With that all working, it's time to edit accounts in Mail's preferences. Just tell it that the host is localhost, it's pop or imap (whichever you installed - I used pop), and it's your user name and login password. Add a filter, and use the "Edit Header List" in the drop-down to add X-Spam-Flag as a header that you can write rules for.
Note that there's no reason to turn off Mail's own junk filtering. The two of these can work together quite happily.

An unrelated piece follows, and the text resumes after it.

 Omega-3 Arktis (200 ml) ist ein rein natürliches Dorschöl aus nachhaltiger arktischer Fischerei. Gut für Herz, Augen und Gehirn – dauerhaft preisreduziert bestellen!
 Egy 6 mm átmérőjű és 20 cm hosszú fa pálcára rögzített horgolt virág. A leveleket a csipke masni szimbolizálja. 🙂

Of course, you'll want to train SpamAssassin. I started that (after deleting all junk) by running this:
find /Users/apl/library/mail/mailboxes -name mbox -exec sa-learn --ham --mbox {} \;
The "--ham" tells sa-learn that these are messages I like. A "--spam" tells it the opposite, so after I have made sure I have no false positives in my "junk" box, I run:
sa-learn --spam --mbox /Users/apl/library/mail/mailboxes/action/junk.mbox/mbox
(You have to at least LOOK at these messages first, or they will be in Incoming_Mail rather than mbox)

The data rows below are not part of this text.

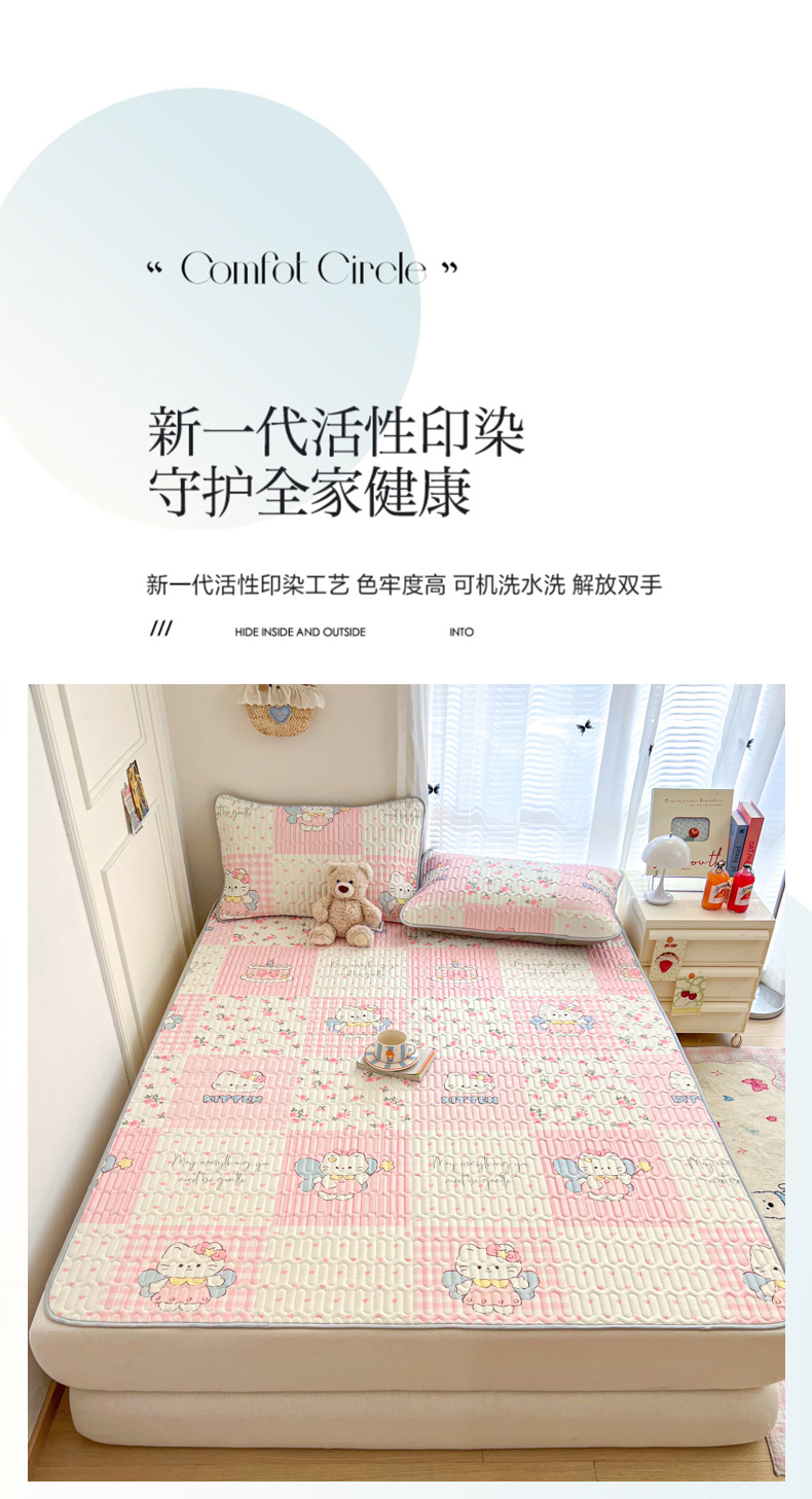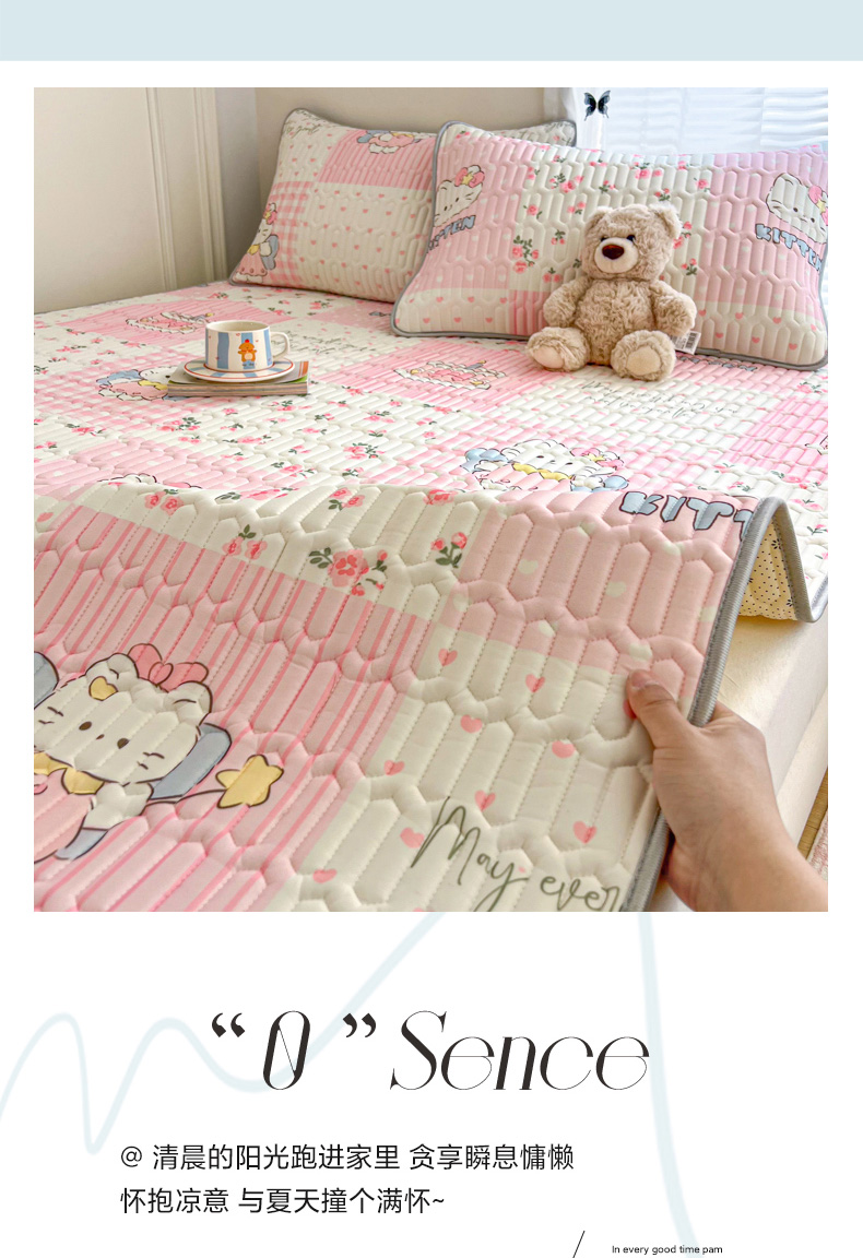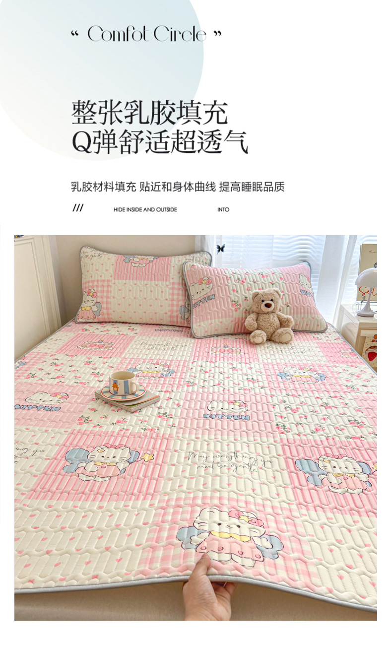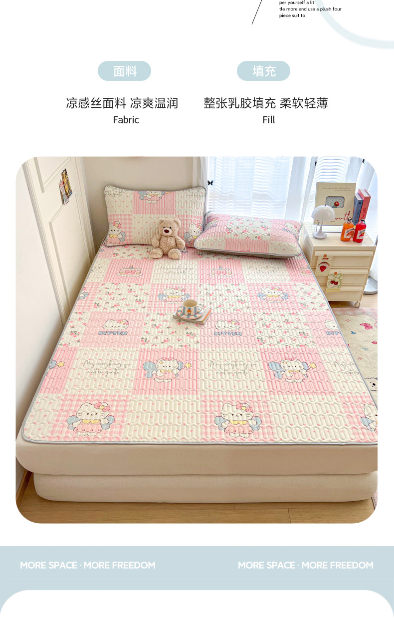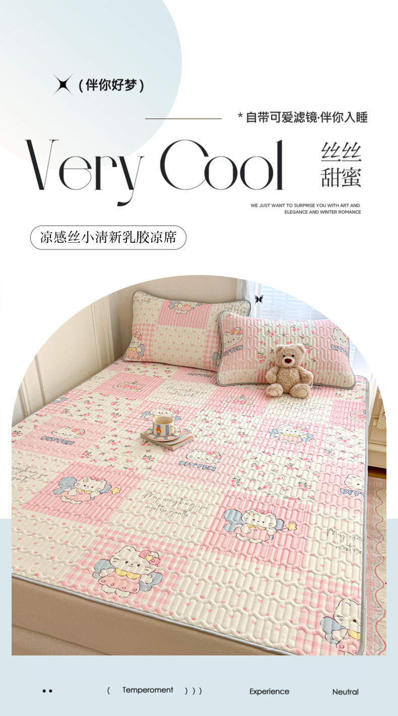 商品名称:柒月家居 2026新款凉感丝小清新乳胶凉席 粉格凯蒂
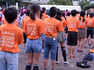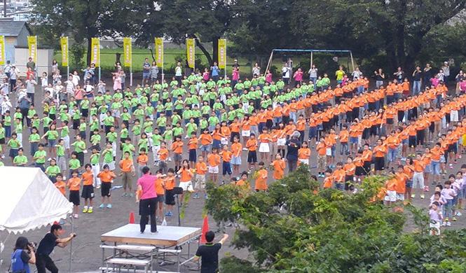 開校100周年を迎えた高麗川小学校のグラウンドには、色とりどりの100周年記念Tシャツを着て集まった高麗川小学校の児童を中心に、約1300名の方が集まりました。
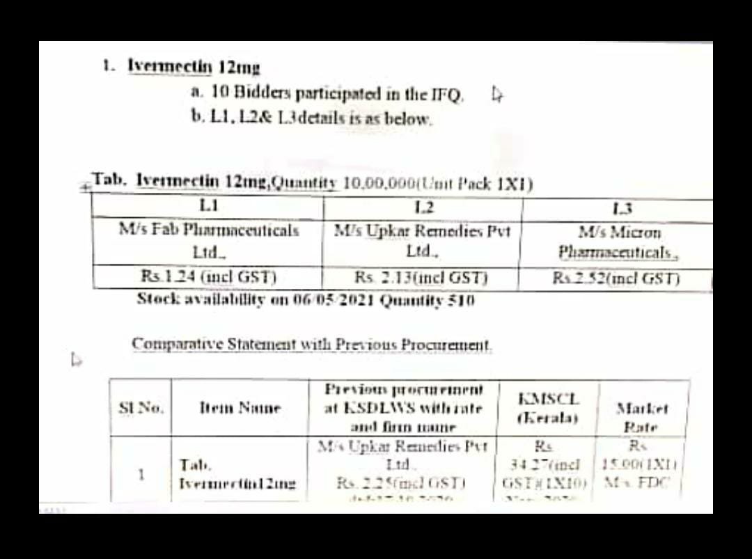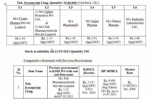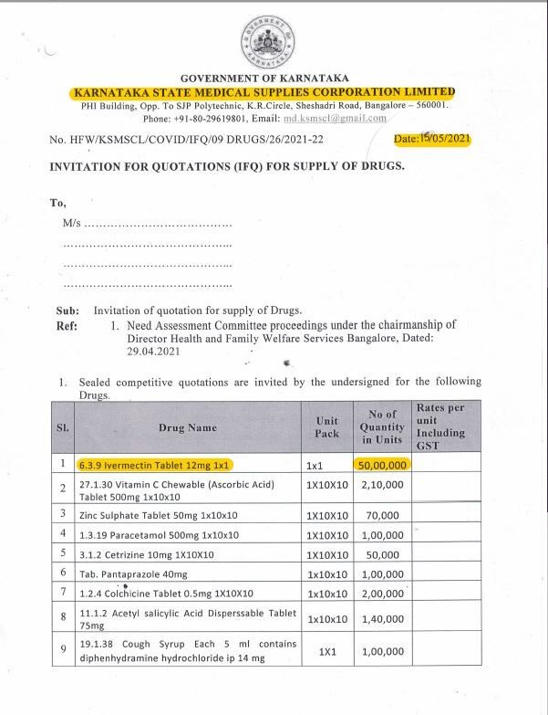ಈ ಪತ್ರ ಬರೆದ ನಂತರವೂ ಕರ್ನಾಟಕ ವೈದ್ಯಕೀಯ ಸರಬರಾಜು ನಿಗಮವು 2021ರ ಮೇ 15ರಂದು 50 ಲಕ್ಷ ಪ್ರಮಾಣದ ಐವರ್ಮೆಕ್ಟಿನ್ ಔಷಧ ಖರೀದಿಗೆ ದರಪಟ್ಟಿ ಆಹ್ವಾನಿಸಿದೆ. ಅಲ್ಲದೆ 2021ರ ಏಪ್ರಿಲ್ 20ರಂದು 10,000, ಏಪ್ರಿಲ್ 27ರಂದು 10,00,000, ಮೇ 10ರಂದು 25,00, 000 ಪ್ರಮಾಣದಲ್ಲಿ ಈ ಔಷಧವನ್ನು ಖರೀದಿಸಲು ದರಪಟ್ಟಿ ಆಹ್ವಾನಿಸಿರುವುದು ತಿಳಿದು ಬಂದಿದೆ.

I particularly like that Spamassassin shows why it calls something spam:
This mail is probably spam. The original message has been attached
along with this report, so you can recognize or block similar unwanted
mail in future. See http://spamassassin.org/tag/ for more details.

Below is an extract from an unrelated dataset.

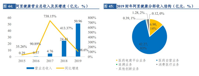 2019 财年,阿里健康实现营业总收入50.96 亿元,同比增长 108.6%,其中医药自营业务收入保持强劲,实现收入 42.27 亿元,同比增长 91.3%,占营业总收入的 83%左右;
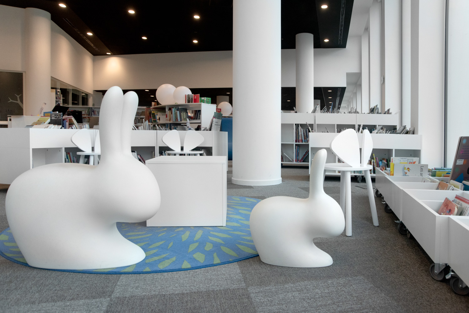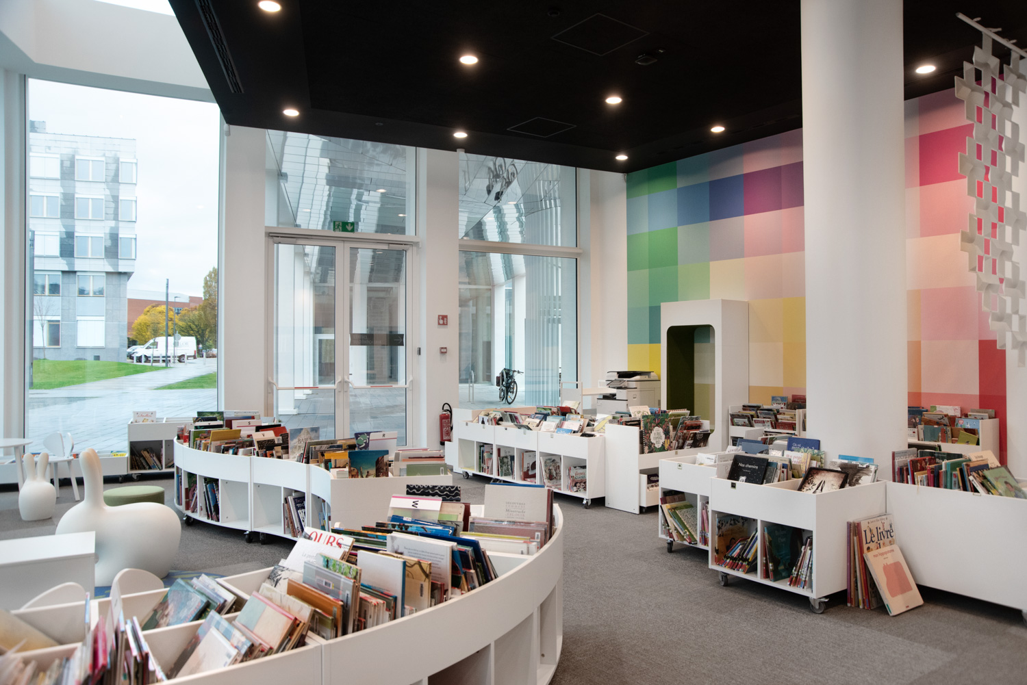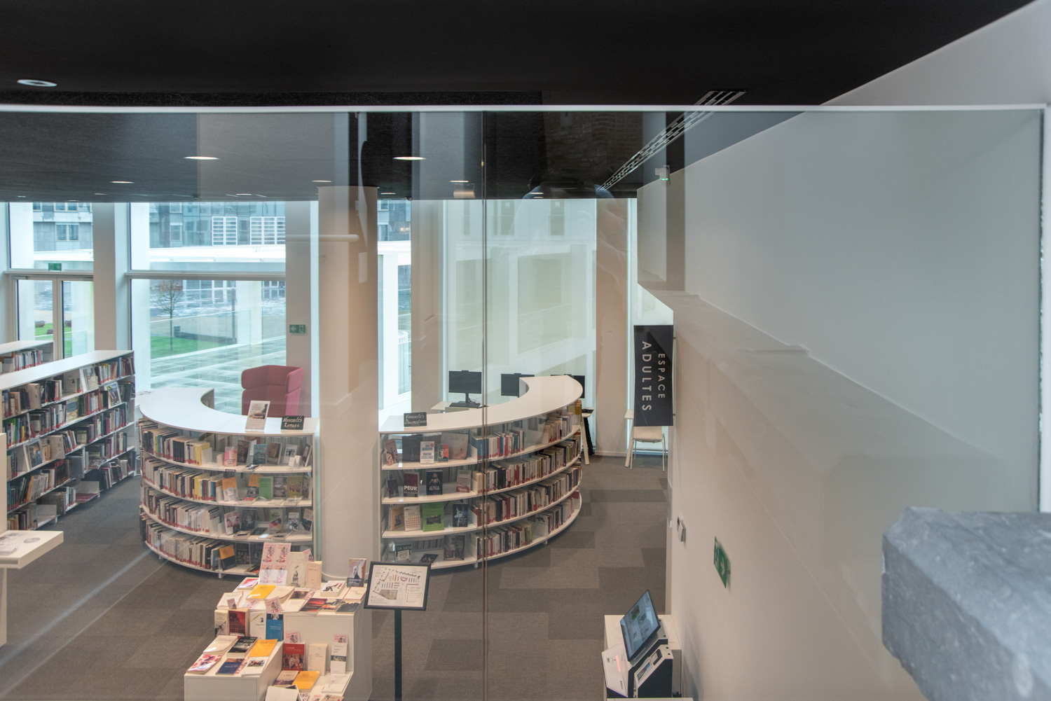 Naast de traditionele zones voor collecties vindt de bezoeker nu ook ruimtes voor meditatie, lezen en werken, een vertelhut en een spelotheek waar ter plaatse gespeeld kan worden. Dankzij geavanceerde technologische voorzieningen kunnen de bibliothecarissen zich volledig richten op ontvangst, advies en begeleiding, zowel voor individuele bezoekers als voor diverse groepen.

Content preview: *NEW-Special Package Deal!* Norton SystemWorks 2003
Software Suite -Professional Edition- ATTN: This is a MUST for ALL
Computer Users!!! [...]
Content analysis details: (10.30 points, 5 required)
ONLY_COST (0.2 points) BODY: Only $$$
OFFERS_ETC (0.6 points) BODY: Stop with the offers, coupons, discounts etc!
FOR_JUST_SOME_AMT (0.2 points) BODY: Contains 'for only' some amount of cash
DATE_IN_PAST_03_06 (0.3 points) Date: is 3 to 6 hours before Received: date
HABEAS_HIL (4.0 points) RBL: Sender is on www.habeas.com Habeas Infringer List
[RBL check: found 220.232.178.218.hil.habeas.com., type: 127.1.0.6]
RCVD_IN_SBL (0.6 points) RBL: Received via SBLed relay, see http://www.spamhaus.org/sbl/
[RBL check: found 220.232.178.218.sbl.spamhaus.org.]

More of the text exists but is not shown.